Where any material issues occur, either financial or non-financial, we would review the investment thesis to see if this has affected our investment rationale.

Monitoring of investee companies on relevant matters (including strategy; financial and non-financial performance and risk; capital structure; social and environmental impact and corporate governance)

Where direct stocks are selected, analysis is carried out on these companies including the financial and non-financial performance, risk, capital structure and corporate strategy. We use a wide variety of sources including company meetings, company reporting, broker research, industry reports and in-house research. The portfolio management team monitor the public statements of investee companies through financial information platforms like Bloomberg and Factset, financial statements and regulatory announcements, reports and accounts. Citi Investment Management’s portfolio managers access to a specialist research provider for environmental, social and governance (‘ESG’) issues, is the main tool for monitoring these risks.

When we appoint third party managers in our investment strategies, they monitor investee companies on their strategy, capital structure, financial and non-financial performance and risk. We review the third party managers’ research process, portfolio construction, sell discipline and risk management process to ensure that these processes incorporate monitoring of investee companies’ strategy, capital structure, financial and non-financial performance and risk. Third party managers are assessed and researched by Citi Private Bank’s Investment Manager Research team and approved (for use in discretionary portfolios) by the Manager Access and Review Committee.

Our approach for third party managers in relation to ESG is to add, via Citi Private Bank’s Investment Manager Research team, what we believe are best in class ESG-oriented or focused strategies, by asking associated ESG questions during our due diligence process. The responses to these questions are a key consideration in ESG manager searches. We also ask these questions in non-ESG orientated manager searches although the related responses are not a critical decision parameter in these cases.
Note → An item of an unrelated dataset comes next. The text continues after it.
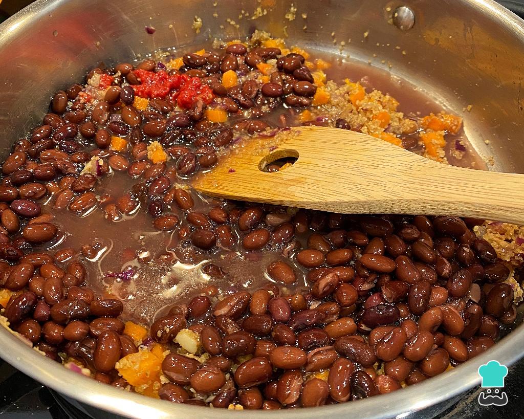 Dica: A lata de feijão preto pode ser substituída por 1,5 xícara de feijão preto cozido em casa mais 1 xícara da água do feijão.

We believe that incorporating ESG considerations in a manager’s approach is likely to enhance returns and reduce risk in addition to producing better outcomes for society and the planet.

Conducting dialogue with investee companies and communicating with relevant stakeholders of the investee companies

We assess the information third party managers gather to make their investment decisions, its quality and depth and the judgement the managers use in making investment decisions. This may include dialogue with the investee companies depending on the nature of the investment strategy, number of holdings and structure of the manager.

We do not currently liaise directly with other stakeholders because CIM does not currently hold significant positions in any companies. However, we do support the principle of collaborative engagement. Where stakeholders’ rights are likely to have a significant impact on the fortunes of investee companies such factors are taken into account via our ESG analysis.

Exercising voting rights and other rights attached to shares, cooperation with other shareholders and management of actual and potential conflicts of interests in relation to the firm’s engagement

Institutional Shareholder Services is retained for the management of the voting process and acts as the voting agent for the securities held in portfolios managed by CIM.

This allows us to take advantage of the extensive research carried out by ISS and our default instruction gives ISS consent to vote on our behalf in line with their expert recommendation.

Find more information about ISS here.

Where CIM does exercise its discretion to vote for or against a particular proposal or co-operate with other shareholders, it will be in a manner consistent with its relevant underlying clients’ best interests and when not in violation of anti-trust or any other laws or CIM policies. Any actual or potential conflict of interest that may arise would be managed in line with Citibank N.A., London Branch’s conflict of interest policy and standard, which is updated on an annual basis.